Lazaris Charalampos, Kelly Stephen, Ntziachristos Panagiotis, Aifantis Iannis, Tsirigos Aristotelis
Department of Pathology, NYU School of Medicine, New York, NY, 10016, USA.
Laura and Isaac Perlmutter Cancer Center and Helen L. and Martin S. Kimmel Center for Stem Cell Biology, NYU School of Medicine, New York, NY, 10016, USA.
BMC Genomics. 2017 Jan 5;18(1):22. doi: 10.1186/s12864-016-3387-6.
Chromatin conformation capture techniques have evolved rapidly over the last few years and have provided new insights into genome organization at an unprecedented resolution. Analysis of Hi-C data is complex and computationally intensive involving multiple tasks and requiring robust quality assessment. This has led to the development of several tools and methods for processing Hi-C data. However, most of the existing tools do not cover all aspects of the analysis and only offer few quality assessment options. Additionally, availability of a multitude of tools makes scientists wonder how these tools and associated parameters can be optimally used, and how potential discrepancies can be interpreted and resolved. Most importantly, investigators need to be ensured that slight changes in parameters and/or methods do not affect the conclusions of their studies.
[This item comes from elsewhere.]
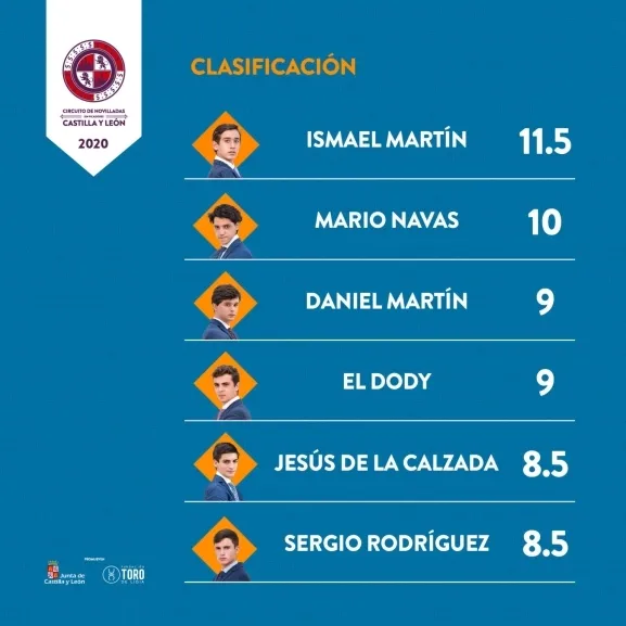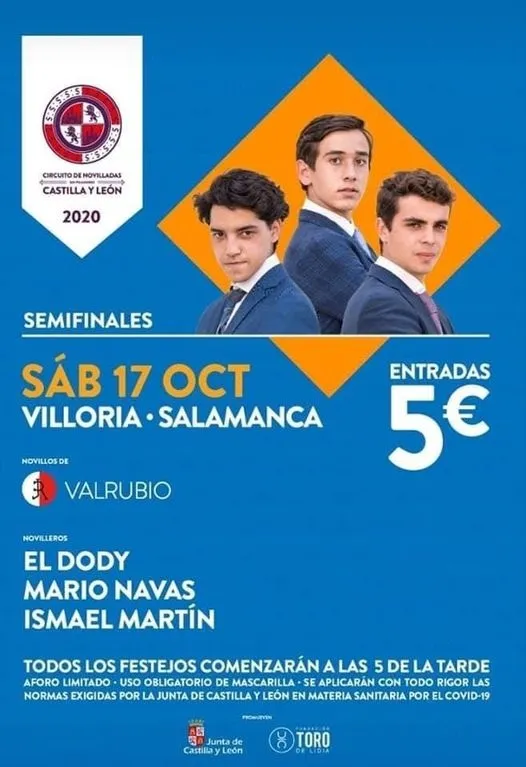 El Dody, Mario Navas e Ismael Martín lidiarán seis novillos en la plaza de toros de La Vega de Villoria este sábado. Los tres novilleros han pasado a la semifinal del Circuito de Novilladas sin picadores de Castilla y León junto a Daniel Martin, Jesús de la Calzada y Sergio Rodríguez, aunque estos últimos participarán como semifinalistas en la novillada que tendrá lugar en Cantalejo el domingo. De estos seis, tres resultarán finalistas y competirán en la plaza de toros de Medina del Campo el sábado 24 de octubre.

To address these issues (compare, explore and reproduce), we introduce HiC-bench, a configurable computational platform for comprehensive and reproducible analysis of Hi-C sequencing data. HiC-bench performs all common Hi-C analysis tasks, such as alignment, filtering, contact matrix generation and normalization, identification of topological domains, scoring and annotation of specific interactions using both published tools and our own. We have also embedded various tasks that perform quality assessment and visualization. HiC-bench is implemented as a data flow platform with an emphasis on analysis reproducibility. Additionally, the user can readily perform parameter exploration and comparison of different tools in a combinatorial manner that takes into account all desired parameter settings in each pipeline task. This unique feature facilitates the design and execution of complex benchmark studies that may involve combinations of multiple tool/parameter choices in each step of the analysis. To demonstrate the usefulness of our platform, we performed a comprehensive benchmark of existing and new TAD callers exploring different matrix correction methods, parameter settings and sequencing depths. Users can extend our pipeline by adding more tools as they become available.
HiC-bench consists an easy-to-use and extensible platform for comprehensive analysis of Hi-C datasets. We expect that it will facilitate current analyses and help scientists formulate and test new hypotheses in the field of three-dimensional genome organization.
在过去几年中,染色质构象捕获技术发展迅速,并以前所未有的分辨率为基因组组织提供了新的见解。Hi-C数据的分析复杂且计算量大,涉及多个任务,需要进行可靠的质量评估。这导致了几种用于处理Hi-C数据的工具和方法的开发。然而,大多数现有工具并未涵盖分析的所有方面,仅提供很少的质量评估选项。此外,众多工具的存在让科学家们疑惑如何能最佳地使用这些工具及其相关参数,以及如何解释和解决潜在的差异。最重要的是,研究人员需要确保参数和/或方法的微小变化不会影响其研究结论。
为了解决这些问题(比较、探索和重现),我们引入了HiC-bench,这是一个用于Hi-C测序数据全面且可重现分析的可配置计算平台。HiC-bench执行所有常见的Hi-C分析任务,例如比对、过滤、接触矩阵生成和标准化、拓扑结构域的识别、使用已发表的工具和我们自己的工具对特定相互作用进行评分和注释。我们还嵌入了各种执行质量评估和可视化的任务。HiC-bench被实现为一个强调分析可重复性的数据流平台。此外,用户可以以组合方式轻松地进行参数探索和不同工具的比较,同时考虑每个管道任务中的所有所需参数设置。这一独特功能有助于设计和执行复杂的基准研究,这些研究可能在分析的每个步骤中涉及多个工具/参数选择的组合。为了证明我们平台的实用性,我们对现有的和新的TAD调用工具进行了全面的基准测试,探索了不同的矩阵校正方法、参数设置和测序深度。用户可以在有更多可用工具时通过添加它们来扩展我们的管道。
HiC-bench是一个用于Hi-C数据集全面分析的易于使用且可扩展的平台。我们期望它将促进当前的分析,并帮助科学家们在三维基因组组织领域制定和测试新的假设。